- [TASK INSTRUCTIONS] Make an exact copy of the data below, leaving out every picture.

[Stored data]
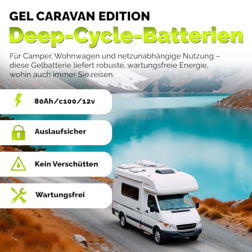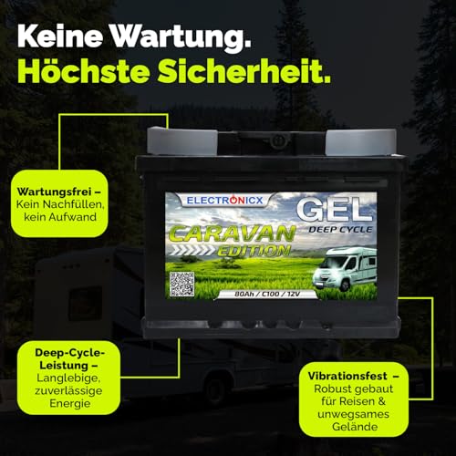 Startseite » Produkte » Electronicx GEL Versorgerbatterie 12V 80Ah Caravan Edition – 80Ah Deep Cycle Batterie für Wohnmobil, Van, Boot, Solar, PV, Marine, Freizeit, 242×175×190 mm, GEL-Technologie, geladen, wartungsfrei
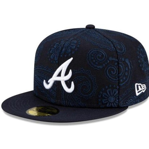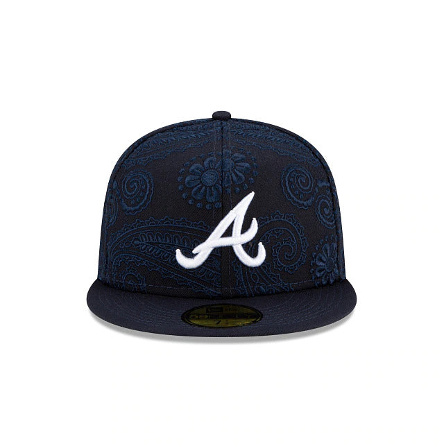 Enter the vortex with the Atlanta Braves Swirl 59FIFTY Fitted Cap featuring a tonal paisley embroidery throughout the crown with the teams logo embroidered at the front panels with a MLB Batterman logo at the rear and a gray undervisor.
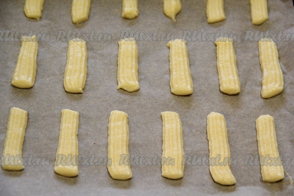 Противень для выпечки застелить пергаментной бумагой. Переложить тесто в целлофановый пакет, отрезав уголок, или в кондитерский мешок и отсадить белое тесто в виде полосок длиной примерно 5 сантиметров.
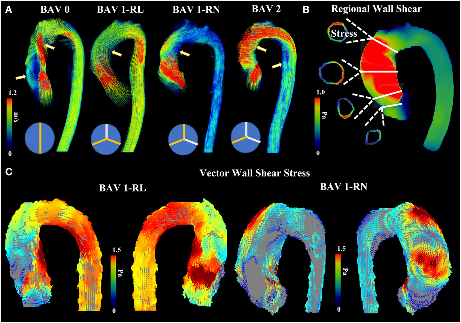 Abnormal bicuspid aortic valve (BAV) hemodynamics. (A) shows four patients with different BAV phenotype. Arrows point to regions where helical and abnormal flow patterns can be observed. (B) shows an example of regional wall shear stress in the ascending aorta. Four landmark locations are illustrated: left ventricular outflow tract, sinus of Valsalva, mid-ascending aorta, and distal ascending aorta. (C) shows anterior and posterior view from vectorial wall shear stress in RL and RN patients.
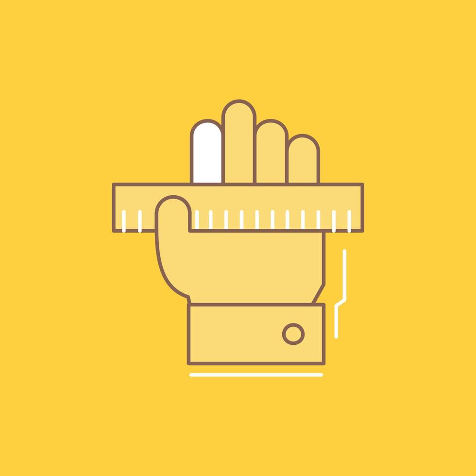 Education. hand. learn. learning. ruler Flat Line Filled Icon. Beautiful Logo button over yellow background for UI and UX. website or mobile application vector

- [RESPONSE TO THIS TASK]
 Startseite » Produkte » Electronicx GEL Versorgerbatterie 12V 80Ah Caravan Edition – 80Ah Deep Cycle Batterie für Wohnmobil, Van, Boot, Solar, PV, Marine, Freizeit, 242×175×190 mm, GEL-Technologie, geladen, wartungsfrei
 Enter the vortex with the Atlanta Braves Swirl 59FIFTY Fitted Cap featuring a tonal paisley embroidery throughout the crown with the teams logo embroidered at the front panels with a MLB Batterman logo at the rear and a gray undervisor.
 Противень для выпечки застелить пергаментной бумагой. Переложить тесто в целлофановый пакет, отрезав уголок, или в кондитерский мешок и отсадить белое тесто в виде полосок длиной примерно 5 сантиметров.
 Abnormal bicuspid aortic valve (BAV) hemodynamics. (A) shows four patients with different BAV phenotype. Arrows point to regions where helical and abnormal flow patterns can be observed. (B) shows an example of regional wall shear stress in the ascending aorta. Four landmark locations are illustrated: left ventricular outflow tract, sinus of Valsalva, mid-ascending aorta, and distal ascending aorta. (C) shows anterior and posterior view from vectorial wall shear stress in RL and RN patients.
 Education. hand. learn. learning. ruler Flat Line Filled Icon. Beautiful Logo button over yellow background for UI and UX. website or mobile application vector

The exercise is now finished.